In general software that patronizes/infantilizes
its users treat its users as if they were idiots.

For checks in ReaR it means they inform the user
to help them to avoid accidental mistakes
(like confusing arrays with strings).

But checks in ReaR are normally not meant to enforce
what the user can do, so when a user specified e.g.

COPY_AS_IS=( /some/directory )

then ReaR must obey (because the user has final power)
and (try to) do what is requested by the user.
E.g. assume the user has carefully setup /some/directory
as he needs it so COPY_AS_IS=( /some/directory )
is exactly what he deliberately wants ReaR to do.

When ReaR cannot do what the user requested,
it must error out with a meaningful error message,
cf. "Try hard to care about possible errors" in
https://github.com/rear/rear/wiki/Coding-Style

schlomo commented at 2023-02-16 10:18:

Yes, the check only confirms that the syntax is correct, meaning that the user knew about the fact that this variable is an array and treats it as such.

jsmeix commented at 2023-02-17 08:48:

It is not yet completed, see
https://github.com/rear/rear/pull/2932#issuecomment-1434293424

schlomo commented at 2023-02-17 09:16:

Please have another look.

jsmeix commented at 2023-02-20 13:02:

Ah - I didn't understand where I should have a look but now I found
https://github.com/rear/rear/commit/46d4dd3fe03595cc7b969db66d6ab1a881fcb6eb

Now it looks good to me (from plain looking at the code).

A side note:
While I tried to reverse engineer

declare -p | sed -n -E -e '/^declare -a/s/declare [-arxlu]+ ([A-Za-z0-9_-]+)=.*/\1/p'

I did the following as currently logged in normal user:

$ declare -p | grep '^declare -a'
declare -a BASH_ARGC=()
declare -a BASH_ARGV=()
declare -a BASH_COMPLETION_VERSINFO=([0]="2" [1]="7")
declare -a BASH_LINENO=()
declare -a BASH_SOURCE=()
declare -ar BASH_VERSINFO=([0]="4" [1]="4" [2]="23" [3]="1" [4]="release" [5]="x86_64-suse-linux-gnu")
declare -a DIRSTACK=()
declare -a FUNCNAME
declare -a GROUPS=()
declare -a PIPESTATUS=([0]="0" [1]="0")

$ declare -p | sed -n -E -e '/^declare -a/s/declare [-arxlu]+ ([A-Za-z0-9_-]+)=.*/\1/p'
BASH_ARGC
BASH_ARGV
BASH_COMPLETION_VERSINFO
BASH_LINENO
BASH_SOURCE
BASH_VERSINFO
DIRSTACK
GROUPS
PIPESTATUS

so the unassigned array FUNCNAME gets skipped.

Is it intentional to skip unassigned arrays?
Is perhaps

sed -n -E -e '/^declare -a/s/declare [-arxlu]+ ([A-Za-z0-9_-]+).*/\1/p'

better (i.e. without the '=')?

schlomo commented at 2023-02-20 13:20:

Wow, thanks for taking a deep look at this.

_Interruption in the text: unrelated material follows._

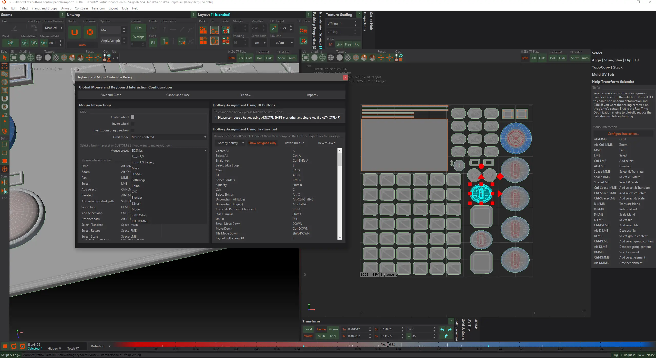 Работа с RizomUV начинается с импорта 3D-модели, поддерживается множество форматов, включая OBJ, FBX и теперь — Pixar USD. После загрузки сетки пользователь может использовать Magic Wand для быстрого выделения полигонов с новым режимом Auto-Unfold. Далее применяются инструменты разрезания, развёртки и упаковки, которые работают в реальном времени. Уникальная функция «Unfold along U and V» позволяет контролировать направление разворачивания, обеспечивая предсказуемый результат. Для повторяющихся действий доступна команда «Повторить последнее», ускоряющая серийные операции. Настройки мыши и интерфейса кастомизируются под индивидуальные предпочтения, а обновлённый GUI делает навигацию более удобной. Экспорт финальных UV-карт поддерживает PNG с прозрачным фоном, что удобно для последующей обработки в текстурных редакторах.

My original thinking was: If it hasn't been assigned then there is no potential for a wrong assignment, therefore it is enough to look at the arrays with content.

jsmeix commented at 2023-02-20 14:00:

It is fully sufficient in practice to only check assigned arrays.
I think we will never have declare -a CONF_VAR in default.conf.
I only noticed it by chance so I reported my finding.


[Export of Github issue for rear/rear.]